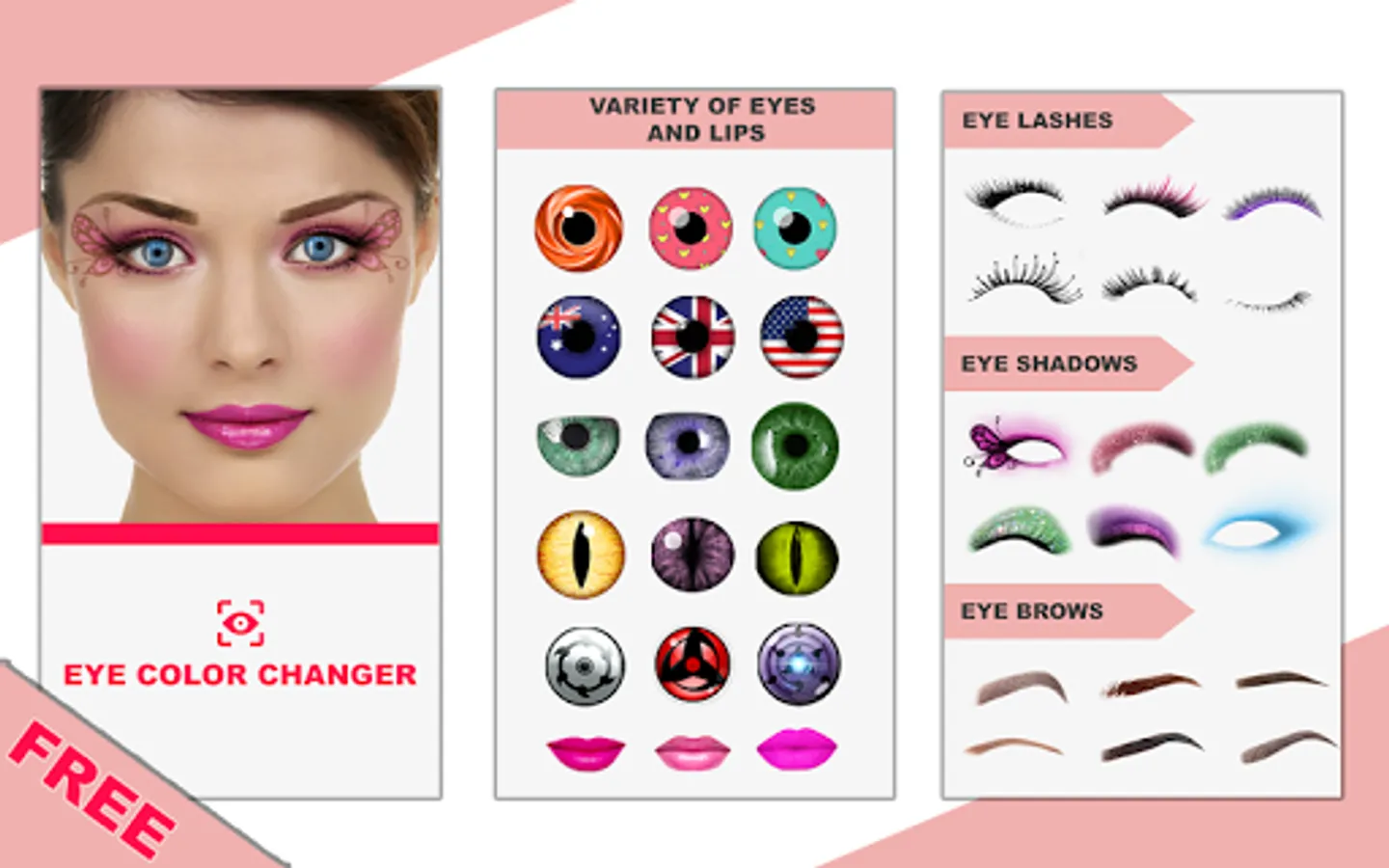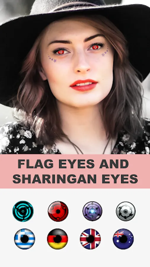 - Eye lens color changer has lenses like scary, blue, red, animal eye, flag and so on.
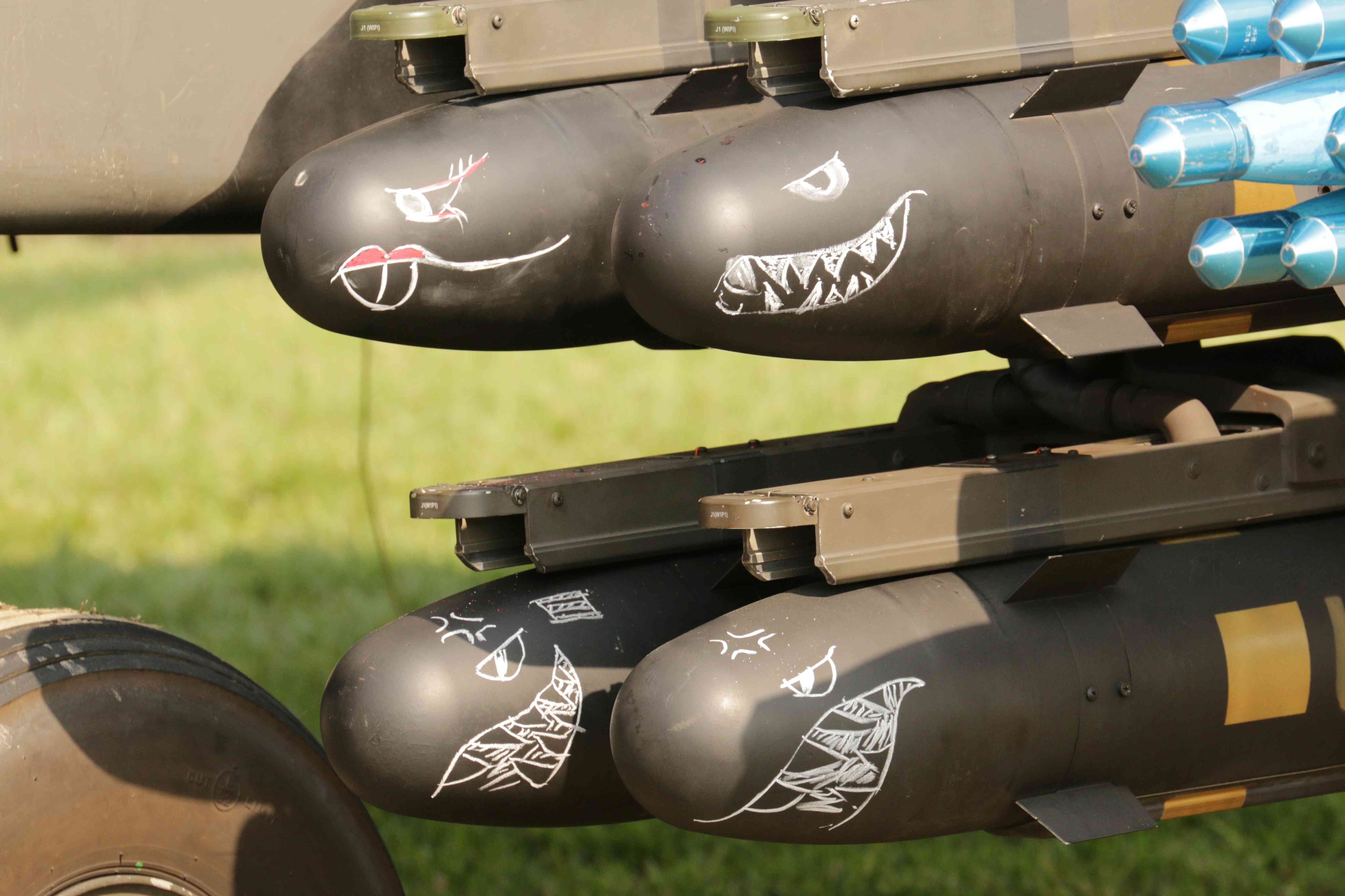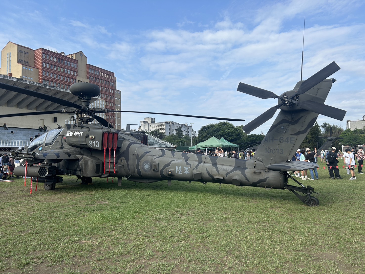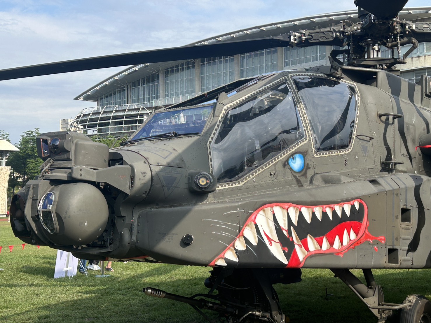本次展示的阿帕契機身編號811,機頭採用全新的「猛虎」張牙舞爪造型,機身則採亮綠、暗綠與黑色的「三色虎斑迷彩」彩繪,機腹另繪有慶祝陸軍司令部成立80周年的部慶標誌,這個「彩蛋」也展現出陸航強大氣勢。
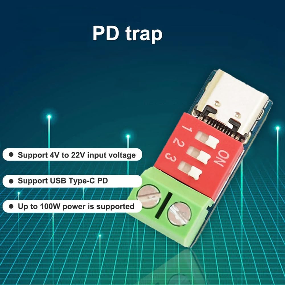 Supporta protocolli di ricarica rapida come PD3.0/2.0 e BC1.2 Il decoy PD supporta i protocolli Boost Fast Charging come PD3.0/2.0 e BC1.2 con una potenza massima di 10 watt e offre funzionalità come il surriscaldamento e . La tensione può essere regolata tramite l'interruttore DIP e la tensione di uscita massima è di 20 V. Supporta USB Type-C PD, supporta il rilevamento 'inserimento avanti e indietro e commutazione automatica Supporta tensioni di ingresso da 4 V a 22 V
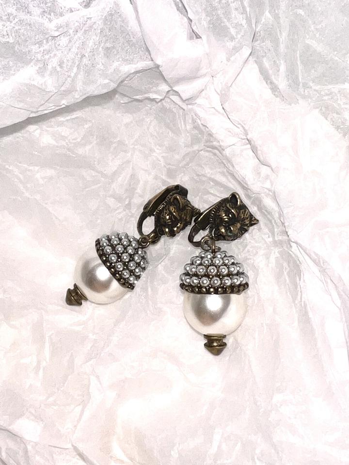 винтаж, искусственный жемчуг точно не знаю, оригинал или нет, так как очень давний подарок сзади есть маркировка Gucci клипсы крепко прилегают к ушам фирменный мешок пакет и тд отсутствует Артикул: 200825
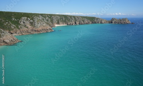 View of Pedn Vounder Beach and Logan Rock surrounded by blue sea. Cornwall, UK.
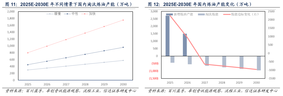 潜在炼能淘汰规模庞大,行业有望逐步进入存量竞争时代。回顾历史炼能淘汰情况,在前述政策指引下,近年来国内炼能淘汰项目主要集中于100-300万吨产能,根据百川盈孚数据,当前全国300万吨及以下炼油产能合计约7662万吨,我们认为该类中小型炼厂均有面临淘汰可能。我们分偏缓、中性、加快三种炼能淘汰情景进行假设并展望至2030年,根据我们统计,200万吨以下、250万吨以下、300万吨以下炼油产能分别为2620、4222、7662万吨,在偏缓淘汰情景下,假设2030年前200万吨以下产能淘汰完毕;在中性淘汰情境下,假设2030年前250万吨以下产能淘汰完毕;在加快淘汰情景下,假设2030年前300万吨以下产能淘汰完毕。考虑到近年来产能约束、淘汰出清政策趋严,假设炼能淘汰数量每年线性增长。我们结合计划投产的新增炼能,预计未来国内炼能边际增量将逐步趋缓,行业或将步入存量竞争时代。
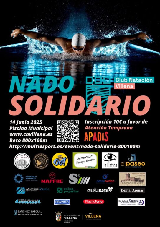 Villena acogerá el próximo 14 de junio el Nado Solidario 2025, una jornada de deporte y solidaridad impulsada por el Club Natación Villena y la colaboración de múltiples entidades locales. El evento se celebrará en la Piscina Municipal, con un reto deportivo de 800 x 100 metros y un objetivo solidario: recaudar fondos a favor del programa de Atención Temprana de APADIS.
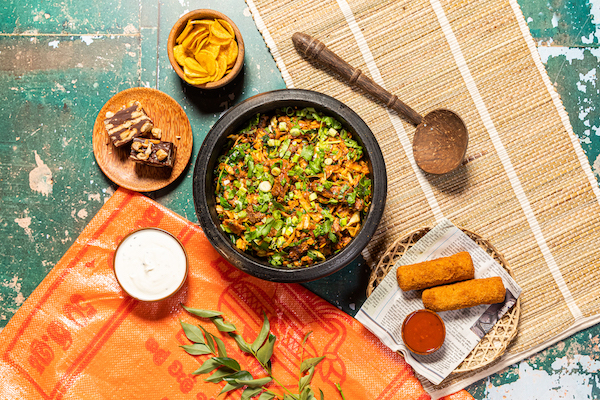 Banana Chips; Vegetable Rolls with Sri Lankan Hot Sauce; Paneer Kothu; Tempered Yoghurt; and Choco-Coco Biskut Pudding
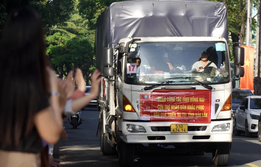 Đoàn xe chở hàng hóa, thuốc men và một số nhu yếu phẩm đường cứu trợ nhân dân tỉnh tỉnh Đắk Lắk khắc phục hậu quả thiên tai bão lũ.

*Aim of the exercise:* Both the first line of the records above and the line containing "本次展示的阿帕契機身編號81" belong in the copy; please return them and every line between, exactly, minus the pictures.

*Exercise output:*
 - Eye lens color changer has lenses like scary, blue, red, animal eye, flag and so on.
本次展示的阿帕契機身編號811,機頭採用全新的「猛虎」張牙舞爪造型,機身則採亮綠、暗綠與黑色的「三色虎斑迷彩」彩繪,機腹另繪有慶祝陸軍司令部成立80周年的部慶標誌,這個「彩蛋」也展現出陸航強大氣勢。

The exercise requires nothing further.